Let's also save tables containing supplemental information:

*Location information*

In [9]:
location_cols = ['station_location', 'wbanno', 'longitude', 'latitude']
df = pd.read_csv("../data/uscrn.csv", usecols=location_cols)
df.drop_duplicates(inplace=True)
df.reset_index(drop=True, inplace=True)
df.to_csv("../data/locations.csv", index=False)

*Column descriptions*

In [10]:
names = pd.read_csv("../data/uscrn.csv", nrows=1)
df = pd.DataFrame(list(names.columns), columns=["name"]) # transposing 

# Join to column description dataframe we made in previous section
df = df.merge(header_df, how="left")

# Datetime columns were added by transform_dataframe() -- need to fill in missing values 
df['units'].fillna("YYYY-MM-DD HH:MM:SS", inplace=True) 

df['description'][df['name'] == 'utc_datetime'] = "UTC datetime of observation"
df['description'][df['name'] == 'lst_datetime'] = "Local standard datetime of observation (AKST)"
df['description'][df['name'] == 'date_added_utc'] = "Datetime added to usrcn.csv (UTC)"

# Add 'type' columns -- useful for setting table schema in next section
def map_type(unit:str):
  """Map unit to datatype"""
  if "X" in unit:
    return "STRING"
  elif "Y" in unit:
    return "DATETIME"
  else: 
    return "FLOAT"
  
df['type'] = df['units'].map(map_type)

# Write to .csv
df.to_csv("../data/column_descriptions.csv", index=False)

#### 3.) Wind Data (*20 million* rows!)

For some reason, the USCRN hourly database (`hourly02`) does not include windspeed measurements.

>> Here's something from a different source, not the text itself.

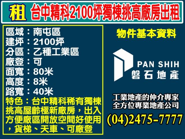 太平|2500坪全合法|挑高RC立體廠房出租
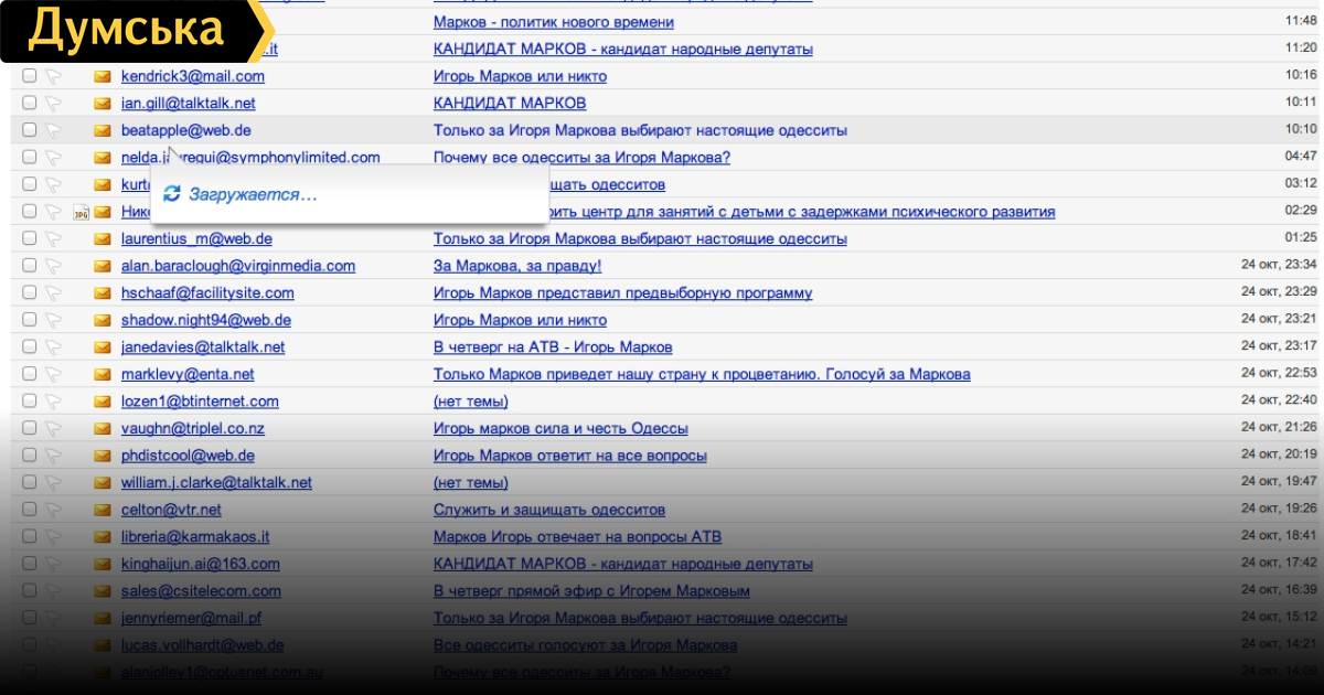 За несколько дней до выборов одесситы стали получать десятки писем, расхваливающих кандидата по 133 округу Игоря Маркова. В частности, авторы писем призывают голосовать за Маркова, сообщают о последних мероприятиях с участием кандидата, а также основные тезисы из его предвыборной программы.

This information is only included in the sub-hourly database (`subhourly01`). 

The amount of the data is so large here that even the batch processing method we just used isn't enough to avoid exceeding memory limits -- the garbage collector is not adequately clearing the memory on every pass. We instead write all the raw data directly to .csv before reading it back into memory and transforming it:

In [None]:
import csv

def write_raw_rows(file_urls, output_file) -> None:
  """
  Args:
    file_urls (list): List of text file urls
    output_file (str): The path to the output CSV file.

  Returns:
    None
  """

  if os.path.isfile(output_file):
    raise Exception(f"{output_file} already exists")

  for url in file_urls:
    # Get location from url
    station_location = get_station_location(url)
    # Get new rows 
    soup = get_soup(url, delay=.5)
    lines = [re.split('\s+', line) for line in str(soup).strip().splitlines()]
    # We're only scraping this data for the wind information, so we ignore rows that don't have any (i.e wind < 0)
    wind_cols = [[station_location] + line[:5] + line[-2:] for line in lines if float(line[-2]) >= 0]
    # Write rows to CSV
    if wind_cols:
      with open(output_file, "a+") as f:
        writer = csv.writer(f)
        writer.writerows(wind_cols)
      del wind_cols

subhourly_files = get_file_urls("subhourly01")

write_raw_rows(file_urls=subhourly_files, output_file="../data/uscrn_wind_raw.csv")

Since we want to aggregate the sub-hourly measurements by hour, we can't read the data in chunks (otherwise we will skew averages for hours that were partially read-in).

In [None]:
## Read the data  
colnames = ['station_location','wbanno','utc_date','utc_time',
  'lst_date','lst_time',"wind_1_5", "wind_flag"]

df = pd.read_csv("../data/uscrn_wind_raw.csv", names=colnames) 
 
## Transformations
df['wind_1_5'] = df['wind_1_5'].astype(float)

# convert to datetimes
df['utc_datetime'] = pd.to_datetime(df['utc_date'].astype(int).astype(str) + df['utc_time'].astype(int).astype(str).str.zfill(4), format='%Y%m%d%H%M')
df['lst_datetime'] = pd.to_datetime(df['lst_date'].astype(int).astype(str) + df['lst_time'].astype(int).astype(str).str.zfill(4), format='%Y%m%d%H%M')

# round to nearest hour 
df['utc_datetime'] = df['utc_datetime'].dt.floor("H")
df['lst_datetime'] = df['lst_datetime'].dt.floor("H")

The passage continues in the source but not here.